Question 1: Use skimage to load your “iguana.jpg” and display it in your notebook.

from skimage.measure import compare_ssim as ssim
from skimage import io
from skimage.transform import resize

# Loading the image
###START CODE HERE ###

###END CODE HERE ###

Question 2: Use skimage to zoom on the face of the iguana. Display the image.

#Zoom image
###START CODE HERE ###

###END CODE HERE ###

Question 3: Use skimage to rescale the image to 20% of the initial size of the image. Display the image. Rescaling means lowering the resolution of the image. Remember that in class we talked about finding the computation/accuracy trade-off by showing different resolutions of the same image to humans and figuring out what is the minimum resolution leading to the maximum human accuracy.
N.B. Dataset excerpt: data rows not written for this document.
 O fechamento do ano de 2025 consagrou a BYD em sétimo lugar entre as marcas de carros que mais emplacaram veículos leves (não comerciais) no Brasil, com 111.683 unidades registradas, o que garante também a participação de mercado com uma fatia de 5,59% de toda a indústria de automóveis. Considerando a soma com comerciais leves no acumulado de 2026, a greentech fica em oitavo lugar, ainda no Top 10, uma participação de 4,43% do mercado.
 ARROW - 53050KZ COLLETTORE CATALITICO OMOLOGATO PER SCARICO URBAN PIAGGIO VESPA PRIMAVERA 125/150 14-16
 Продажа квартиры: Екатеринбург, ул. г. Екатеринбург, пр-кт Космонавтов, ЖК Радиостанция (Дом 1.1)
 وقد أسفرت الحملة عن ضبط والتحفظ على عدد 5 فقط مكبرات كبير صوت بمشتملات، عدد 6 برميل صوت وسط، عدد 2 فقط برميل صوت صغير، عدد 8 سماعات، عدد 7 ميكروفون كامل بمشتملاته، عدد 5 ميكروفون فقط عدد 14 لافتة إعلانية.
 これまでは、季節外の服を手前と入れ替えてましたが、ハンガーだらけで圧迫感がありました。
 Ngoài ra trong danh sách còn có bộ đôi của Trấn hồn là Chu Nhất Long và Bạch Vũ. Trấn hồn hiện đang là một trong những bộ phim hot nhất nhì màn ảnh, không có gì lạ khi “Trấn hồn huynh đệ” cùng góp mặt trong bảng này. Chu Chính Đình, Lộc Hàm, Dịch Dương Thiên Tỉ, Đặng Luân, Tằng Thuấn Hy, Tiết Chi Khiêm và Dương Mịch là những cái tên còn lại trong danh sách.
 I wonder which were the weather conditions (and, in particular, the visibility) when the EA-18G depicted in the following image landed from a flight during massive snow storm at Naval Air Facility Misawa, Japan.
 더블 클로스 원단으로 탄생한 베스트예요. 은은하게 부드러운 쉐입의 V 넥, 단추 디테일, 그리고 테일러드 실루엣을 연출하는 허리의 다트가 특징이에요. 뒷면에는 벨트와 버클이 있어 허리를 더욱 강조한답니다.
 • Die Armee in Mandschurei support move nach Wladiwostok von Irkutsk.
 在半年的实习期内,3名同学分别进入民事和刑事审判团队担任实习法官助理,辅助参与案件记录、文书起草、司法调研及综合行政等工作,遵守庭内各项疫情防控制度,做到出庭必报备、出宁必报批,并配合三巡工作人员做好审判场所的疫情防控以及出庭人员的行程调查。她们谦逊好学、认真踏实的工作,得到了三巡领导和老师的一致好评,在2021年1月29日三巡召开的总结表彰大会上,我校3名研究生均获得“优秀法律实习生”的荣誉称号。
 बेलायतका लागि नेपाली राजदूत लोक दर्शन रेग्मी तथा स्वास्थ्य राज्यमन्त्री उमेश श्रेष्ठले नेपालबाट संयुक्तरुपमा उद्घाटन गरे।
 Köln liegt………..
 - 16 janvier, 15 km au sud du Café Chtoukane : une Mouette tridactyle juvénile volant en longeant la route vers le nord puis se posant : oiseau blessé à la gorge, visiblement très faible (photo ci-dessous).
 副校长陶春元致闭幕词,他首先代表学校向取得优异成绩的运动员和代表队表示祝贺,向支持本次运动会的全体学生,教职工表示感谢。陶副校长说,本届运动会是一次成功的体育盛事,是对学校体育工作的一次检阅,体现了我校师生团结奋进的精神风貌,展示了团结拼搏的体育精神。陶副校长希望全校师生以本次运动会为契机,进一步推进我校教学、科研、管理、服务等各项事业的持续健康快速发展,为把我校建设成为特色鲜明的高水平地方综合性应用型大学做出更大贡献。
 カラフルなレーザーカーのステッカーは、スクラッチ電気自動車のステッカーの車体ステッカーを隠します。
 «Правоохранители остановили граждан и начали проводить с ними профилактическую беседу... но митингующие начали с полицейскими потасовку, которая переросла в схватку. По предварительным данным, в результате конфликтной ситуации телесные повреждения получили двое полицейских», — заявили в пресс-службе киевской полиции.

#Rescale image to 25% of the initial size
###START CODE HERE ###

###END CODE HERE ###

Question 4: Use skimage to add random noise to the image. Display the image.

#Add random noise
###START CODE HERE ###

###END CODE HERE ###

Question 5: Use skimage to rotate the image by 45 degrees.

#Rotate
###START CODE HERE ###

###END CODE HERE ###

Question 6: Use skimage to flip the image horizontaly and verticaly. Display the image.

#Horizontal flip
###START CODE HERE ###

###END CODE HERE ###
#Vertical flip
###START CODE HERE ###

###END CODE HERE ###

Question 7: (Optional) Use skimage to (i) blur the image, (ii) enhance its contrast, (iii) convert to grayscale, (iv) invert colors…

#Blur image
###START CODE HERE ###

###END CODE HERE ###

#Convert to grayscale
###START CODE HERE ###

###END CODE HERE ###

#Enhance contrast
###START CODE HERE ###

###END CODE HERE ###

#Color inversion
###START CODE HERE ###

###END CODE HERE ###

Skimage is a popular package for customized data preprocessing and augmentation. However, deep learning frameworks such as Keras often incorporate functions to help you preprocess data in a few lines of code.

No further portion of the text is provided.